Making small gifts of your business interests is an excellent way to benefit your estate. Through several simple methods, it is possible to reduce the amount of your estate tax while also supporting a cause and protecting your assets for the benefit of your heirs.

Can Reduce the Value of Your Estate for Estate Tax Purposes
Gifts made more than 3 years prior to your death are not included in your taxable estate. Gifts made over a long period of time can substantially reduce the business’s value in your taxable estate. You also may want to retain voting and management control of shares transferred. For pass-through entities, income is allocated to gifted shares.

Can Be Done Without Any Gift Tax
Gifts of less than $14,000 per recipient qualify for the annual done exclusion. Larger gifts can use the lifetime gifting exclusion of approximately $5.4 million. If you are married, gifts can be “split” with your spouse, effectively doubling these amounts. For Illinois residents, there is no gift tax in Illinois. It often makes sense to make gifts to ensure that your taxable estate is below the Federal limit, and also below the Illinois limit, currently $4 million dollars.
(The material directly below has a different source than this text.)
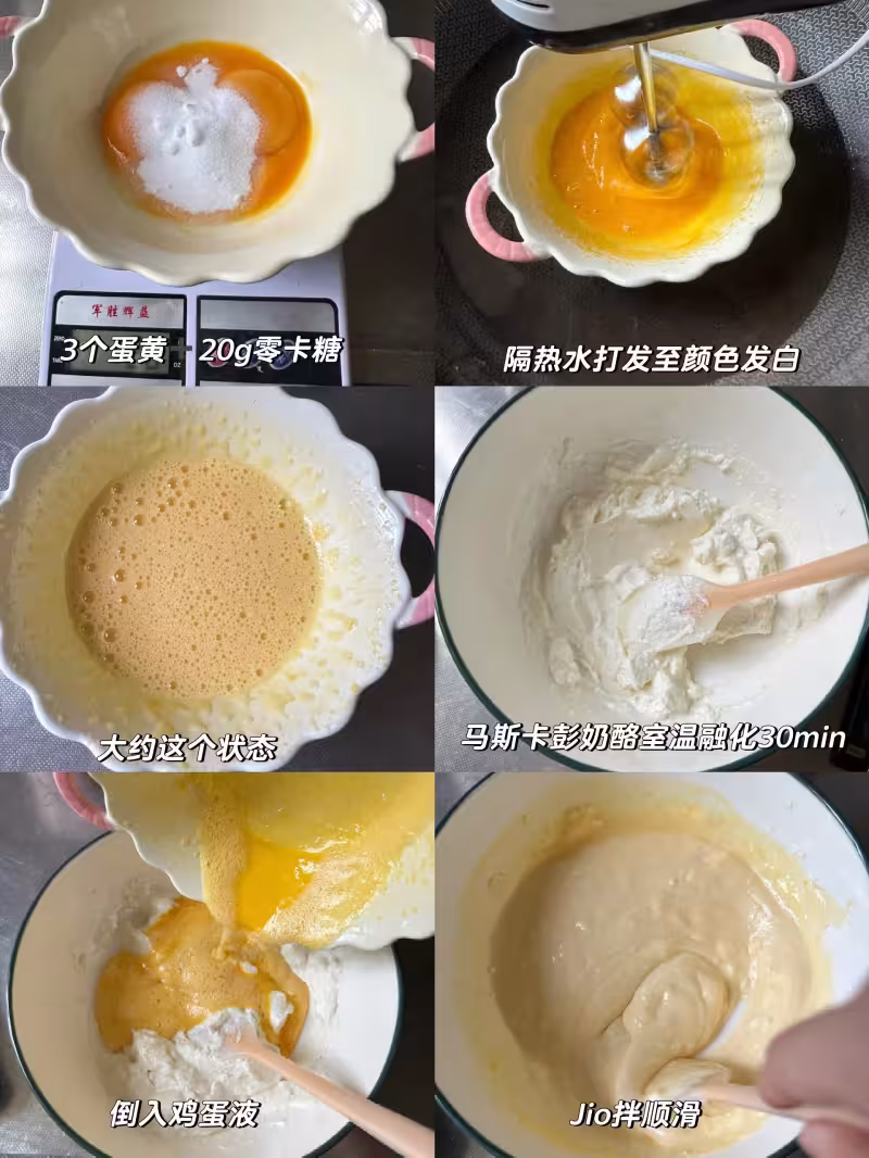 1️⃣3個雞蛋黃➕20g零卡糖,隔水打發至顏色變淺

Can Be Made to Irrevocable Trusts for the Benefit of Heirs
You may consider making your gifts to irrevocable trusts, of which your heirs are the named beneficiaries. This provides that your gifts will only go to your heirs, while giving you an estate tax reduction. Additionally, your assets will be protected from creditors and heirs, and you can choose future trustees to manage these trusts. You may also set up distributions for your trusts, which can be tailored to serve each heir differently.

This option assures that assets contributed to such irrevocable trusts and the future growth of these assets is outside of your taxable estate.

Dividing Ownership into Smaller Shares can Impact Their Valuation for Estate Tax Purposes
One of the objectives of gifting parts of your business interests is to minimize your estate’s valuation for estate tax purposes. Discounts have been recognized both for minority interests and for lack of marketability. However, there are many other objectives that can be met, including transitioning the business to the next generation, rewarding management with equity, and reducing taxable income that would otherwise flow through to you. There are many factors that need to be considered, to assure that your overall goals are met.